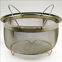 Here's the perfect thing for steaming inside your electirc multi-cooker! This 8.25"-dia. basket is made of stainless steel and fits inside multi-cookers, or other pans, with 9.5"-dia. cooking inserts. It's easy to put in and take out of the pot, thanks to the dual handles which fold neatly out of the way. The basket has a capacity of 3 qts. and measures 4.75: tall on the feet which keep the basket slightly elevated and the contents out of the steaming liquid. It also makes a great strainer or colander. Dishwasher safe.
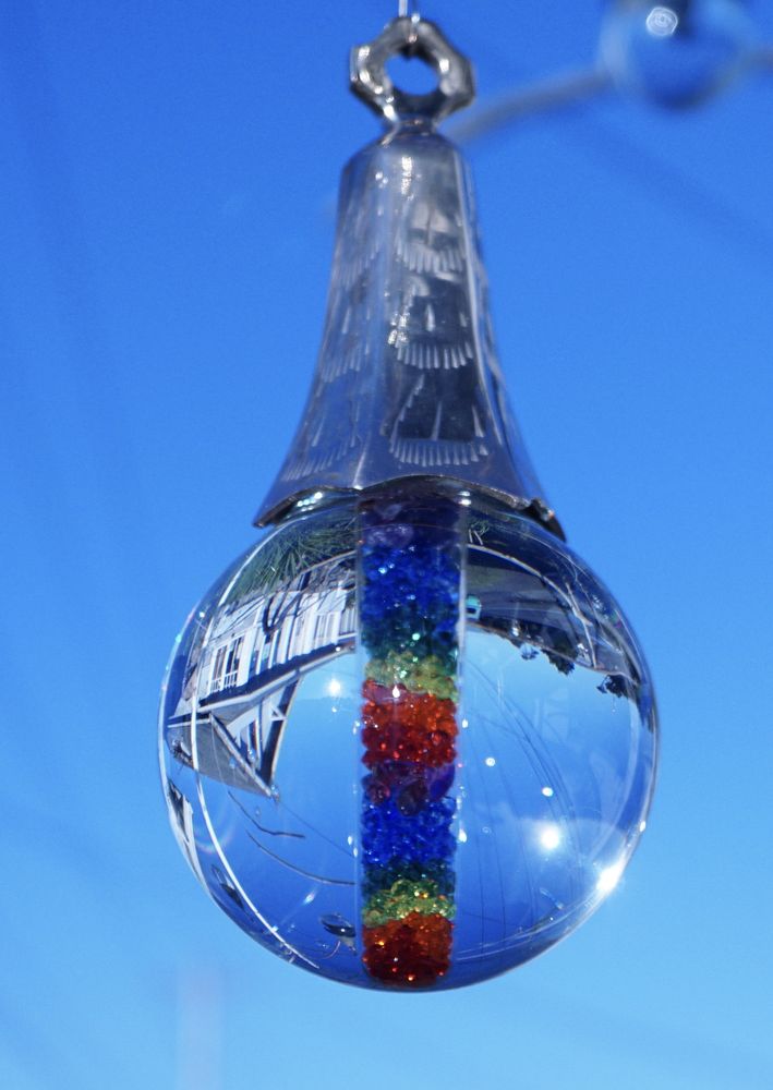 Imagine a large drop of Oregon rain playing with the light as it falls to the ground, reflecting and refracting exquisite images of the natural world. Imagine that same raindrop suspended in space long enough for you to be able to appreciate the beauty of creation reflected inside. That is what is behind James Stephen Du Bois’ creation of Oregon Du Drops, and his nearly fifty-year quest to see what there is to see in a drop of dew. Using the thin glass of recycled and repurposed light bulbs to contain the moisture, Du Bois introduces rain from his Oregon Rain Cellar (est. 1999) into the bulbs and tops the finished Oregon Du Drops with brass temple bells forged in India.
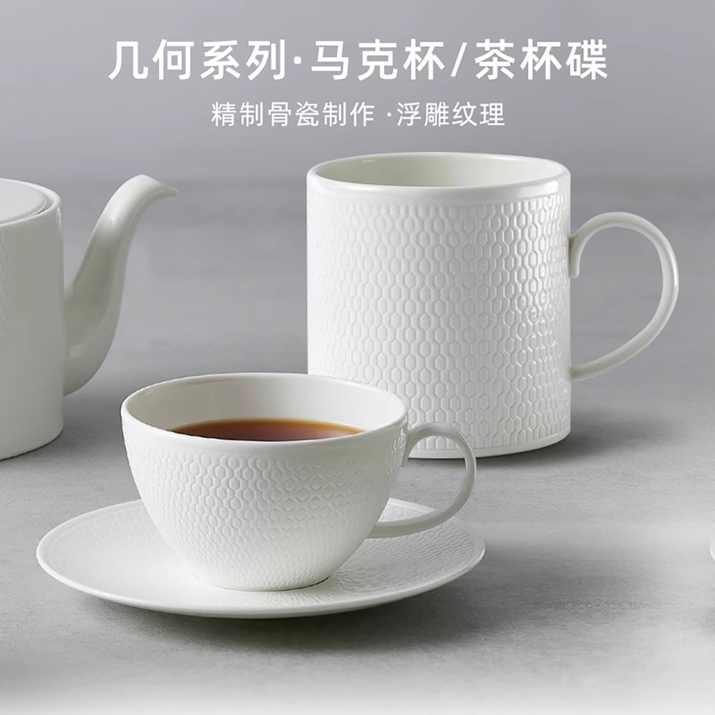 WEDGWOOD几何骨瓷纯白茶杯马克杯
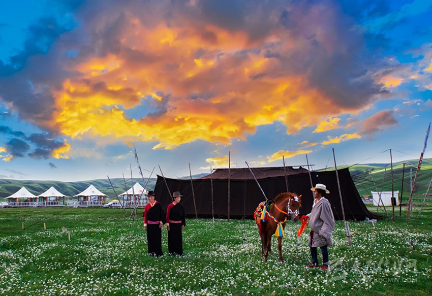 “‘綠草地’一直處于閑置狀態,牧民們守著‘聚寶盆’空嘆息!”宗塔鄉黨委書記奇美倫珠對此表示,2017年剛到任的他針對這些堵點、難題,同鄉干部、村“兩委”商定謀劃,通過探索牧區產權制度改革,盤活富足的“牧旅資源”。同年5月,宗塔鄉成立了以全鄉8個行政村為股東的爐霍縣宗塔百姓樂牧業有限責任公司,按照“黨建引領、支部帶頭、村民參與、公司經營”模式,發展包括草原觀光、帳篷餐飲、星空住宿、游牧文化體驗為一體的牧旅融合生態度假村。“我們的目標只有一個——就是以精心打造的宗塔七色草原生態度假村這把‘鑰匙’,逐步打開牧業增效、牧民增收、牧區發展、集體經濟增強的多把‘鎖’,激活鄉村振興一池春水。”
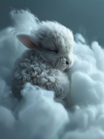 This tranquil image captures a baby lamb curled up in a serene nap, surrounded by plush, cloud-like textures. The soft focus and muted color palette highlight the lamb's gentle features and peaceful expression, emphasizing the tenderness and tranquility of the scene. This photograph is perfectly suited for projects that require visuals depicting serenity, pastoral life, or the nurturing aspects of nature. It offers a peaceful glimpse into the quiet moments of a lamb's life, making it a charming addition to any collection focusing on young farm animals or soothing natural environments.
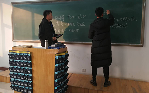 为保证监考工作的准时开展,志愿者们统一服装,提前到达OK138太阳集团办公室集合,然后一起带队至八号教学楼领取试卷,再提前抵达考场做好考前准备,准备迎接考生入场。考试开始前志愿者们在黑板上按规定书写了考试时间、考试科目、监考人员等。考试开始后,志愿者们有序分发了试卷和答题纸,考试过程中志愿者们都恪尽职守,严谨认真的进行监考工作,坚守在各自的岗位上。考试结束后,志愿者们按照考号的顺序将试卷和答题卡收齐,并将试卷整理包装好后交于监考老师手中。
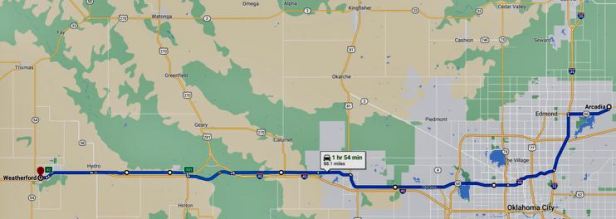 These took me through Oklahoma City and away to the west, often paralleling the trusty old I-40. This was actually quite a significant stretch of the old road. Sadly, because of the proximity of the Interstate, most of the commercial stuff you need as a traveller, motels, restaurants, etc., were on the newer road and, by virtue of fencing, totally inaccessible. Finally, at the town of Weatherford, all the Routes 40/66 and I-40 seemed to come almost together and I saw, not far from the road, the welcoming sign of a Travel Inn (3401 E Main St, Weatherford, OK 73096). It was a tiny bit “low rent”, but it had vacancies, so I checked in. I had actually come over three hundred miles by then and I was fairly tired. I was also fairly hungry. The guy on reception directed me to a nearby diner, Lucille’s Roadhouse Diner (1301 N Airport Rd, Weatherford, OK 73096) which was only about half a mile away, so I surprised him by walking there. Pleasingly decorated with Route 66 signage, this place offered standard diner style cuisine. I chose a burger and got the kind of burger only Americans can make. It was totally delicious and did not require the huge amount of fries that inevitably accompanied it. Again, I could not finish them.
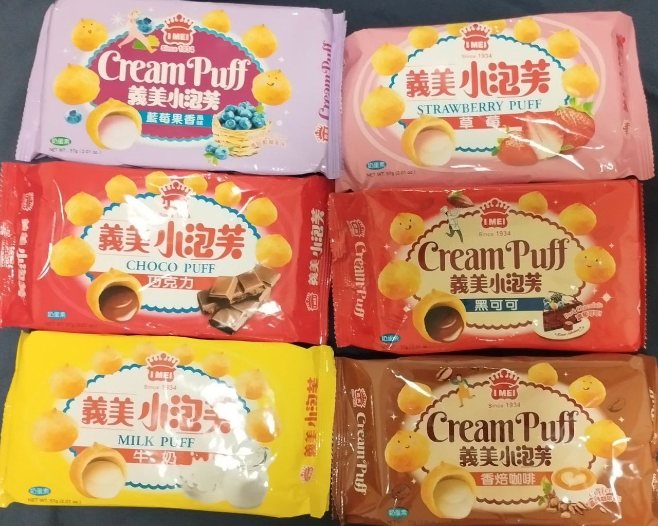 12.盒裝小泡芙藍莓30包,牛奶20包,草莓12包,黑可可24包,咖啡4包,一包25元,有效
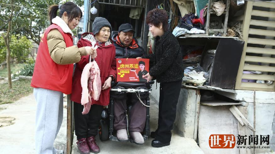 随后绵州燕姐又来到游仙区,由汉仙桥社区党委书记书记王兴关安排下,社区主任朱小槐陪同燕姐慰问社区农民工和困难残疾人,绵州燕姐为他们送上礼品盒,水果,香肠和新鲜猪肉。
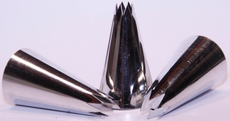 Les douilles sont fabriquées en tôle étamée résistante, garantissant une longue durée de vie et une bonne stabilité de forme. Elles peuvent être utilisées avec des poches à douille en coton standard et, grâce à leur large ouverture, conviennent aux crèmes et garnitures plus épaisses.
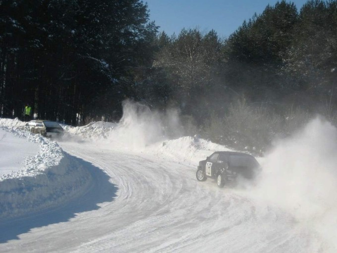 В каждом из 4 классов основных заездов автомобилей прошло по три выезда, по результатам которых определились победители гонки. «Взрослые» классы «Д2К» и «Д2Н» («классика» и «восьмерки») в каждом из заездов проезжали по 8 кругов дистанции, а «малыши» («окушки» и «багги») из-за холодной погоды – по 4 круга. Не обошлось без вылетов на бруствер и «ушей» – но достаточно мягкие брустверы и оперативное вмешательство служб соревнований не задерживали гонку, и участники продолжали свою борьбу. В классе «Д3-багги» безоговорочную победу одержал Чайковский пилот Иван Чепкасов. В классе «Д2-юниор» Равиля Ильясова из Ижевска подвела его «Окушка» и два заезда прошло без него. Победу одержал Евгений Калинин из г.Глазова. Самыми зрелищными были заезды кузовных автомобилей. «Классика» и «восьмерки» стартовали одновременно. На трассе постоянно проходила борьба, при прохождении поворотов пилоты то и дело опирались на бруствера, поднимая за собой снежные вихри. Лидерство в классе «Д2К» захватил пермский пилот Евгений Акимов на своей «семерке». Вкаждом из заездов он опережал своих молодых соперников из Чайковского. В классе «Д2Н» встретились три опытных пермских пилота. Высокие скорости переднеприводных автомобилей, красивое прохождение каждого из поворотов трассы, снежная пыль в ярких лучах солнца стали просто завораживающим зрелищем.

■ WORK TO COMPLETE ■
Look above for the line holding "This tranquil image" and output everything from it down to the line holding "为保证监考工作的准时开展,志", both ends included, exactly and without images.

■ WORKED SOLUTION ■
 This tranquil image captures a baby lamb curled up in a serene nap, surrounded by plush, cloud-like textures. The soft focus and muted color palette highlight the lamb's gentle features and peaceful expression, emphasizing the tenderness and tranquility of the scene. This photograph is perfectly suited for projects that require visuals depicting serenity, pastoral life, or the nurturing aspects of nature. It offers a peaceful glimpse into the quiet moments of a lamb's life, making it a charming addition to any collection focusing on young farm animals or soothing natural environments.
 为保证监考工作的准时开展,志愿者们统一服装,提前到达OK138太阳集团办公室集合,然后一起带队至八号教学楼领取试卷,再提前抵达考场做好考前准备,准备迎接考生入场。考试开始前志愿者们在黑板上按规定书写了考试时间、考试科目、监考人员等。考试开始后,志愿者们有序分发了试卷和答题纸,考试过程中志愿者们都恪尽职守,严谨认真的进行监考工作,坚守在各自的岗位上。考试结束后,志愿者们按照考号的顺序将试卷和答题卡收齐,并将试卷整理包装好后交于监考老师手中。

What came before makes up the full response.